Photo by Mike Wilson on Unsplash

For most of my adult life, I have felt alone among a sea of people, and I have been afraid to speak my truth.

It is still something I struggle with on a daily basis, because:  I don’t feel that I have the right to take up space; I feel that by raising my voice in certain ways, I will be labeled as disrespectful; I feel like I should know my place; I feel like I have nothing valuable to contribute; I feel like I am an imposter; I feel like I am wrong; I feel like when I speak, no one will understand or hear me.

Today, a close friend and colleague confronted me on two recent incidents in which I asserted myself strongly.  My colleague expressed bewilderment, asked me if I would treat others in the same way, asked if there was something wrong in my life that was coming out in our relationship.  And while I meant no disrespect in my assertions, I meant to assert myself in what I thought was a safe space.

Now, I am not certain.

I explained my choices, apologized from my tone.  We are likely to move forward, and I am less likely to challenge my colleague.  It is much easier to be silent than to be unheard or misinterpreted.  I know my friend cares deeply for me and that the questions posed were out of genuine concern, but I also know myself and that I will not be free to speak my truth in the same way.
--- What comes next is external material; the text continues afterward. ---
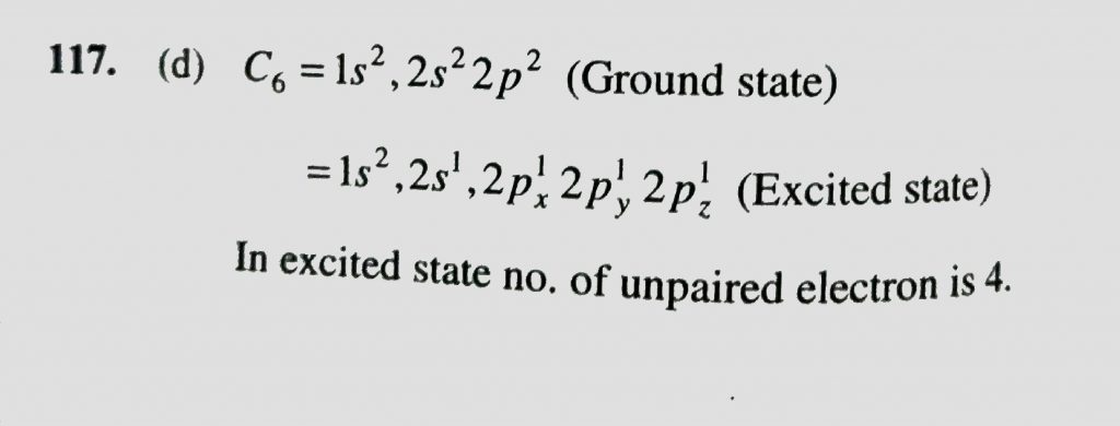 The number of unpaired electrons in carbon atom in excited state is (a) one (b) two (c) three (d) four The number of unpaired electrons in carbon atom in excited state is (a) one (b) two (c) three (d) four November 29, 2020 Category: Uncategorised (JEE Advanced Physics by BM Sharma + GMP Solutions) , Facebook Messenger WhatsApp Share this:TwitterFacebook Related
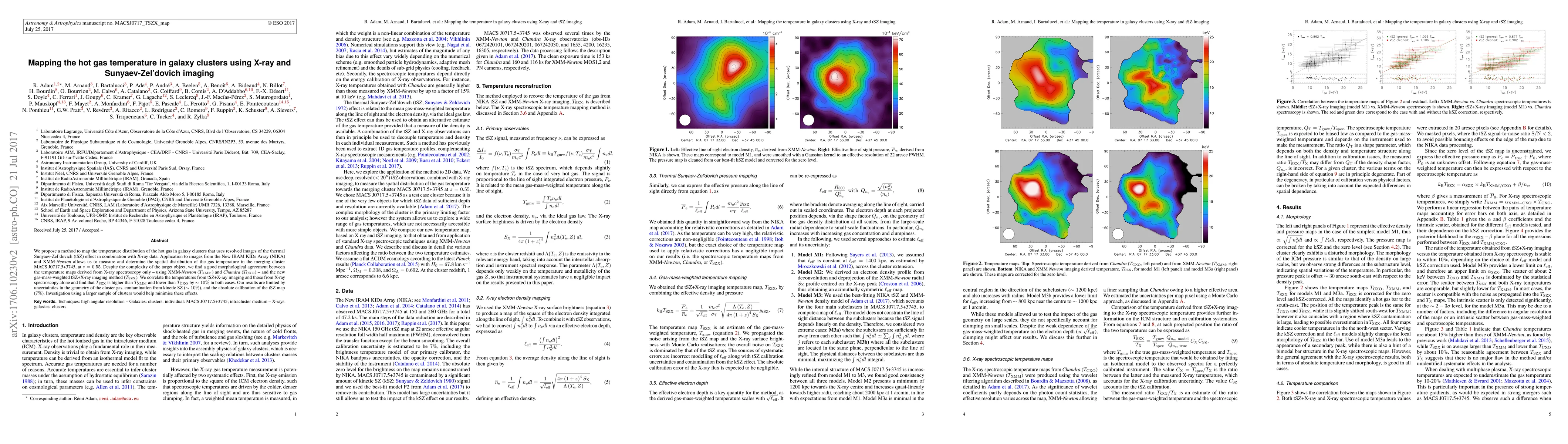 This paper proposes a method combining thermal Sunyaev-Zel'dovich effect and X-ray imaging to map the temperature distribution of hot gas in galaxy clusters. The method is applied to the merging cluster MACS J0717.5+3745, showing a $\sim 10\%$ difference between temperature maps derived from X-ray spectroscopy and the new tSZ+X-ray imaging method.

I mourn this loss of a safe space to assert my voice because they are rare, although I am starting to build more community.  I suppose that asserting my voice is about taking the risks that who I am will be less accepted than who people imagine me to be when I am silent.  I suppose that I will disappoint some people and hurt others, like I did with my friend.  I suppose that I will have to negotiate how to tone police myself, even if it means not being heard, because these are not the spaces where I can truly be heard.

That makes me sad.

I am committed to learning to assert my voice in powerful ways, but I am also tired of having so few places in which I feel safe.  I know that asserting one’s voice comes with consequences, and that those consequences that I experience are rarely (if ever) as dire as those that others face. I know this, but it does not make these situations easier for me. I know this is the work, this is part of my struggle.  Particularly as a public academic and as an educator committed to the work of justice, that is the work and that is my struggle.

But today, I am tired, and just wish that I would be accorded the same benefit of the doubt that I give others.  Today, I wish that those I care so deeply for might see me as my best self rather than assuming my worst, that they might understand the work I am doing and how hard I am working, and that they might let me be my imperfect self without judgment.

I must get back to that work now, but not without saying something.  It is hard to speak uncomfortable truths, but even harder to be silent.

The struggle is real. It is ongoing.  It is ever-present.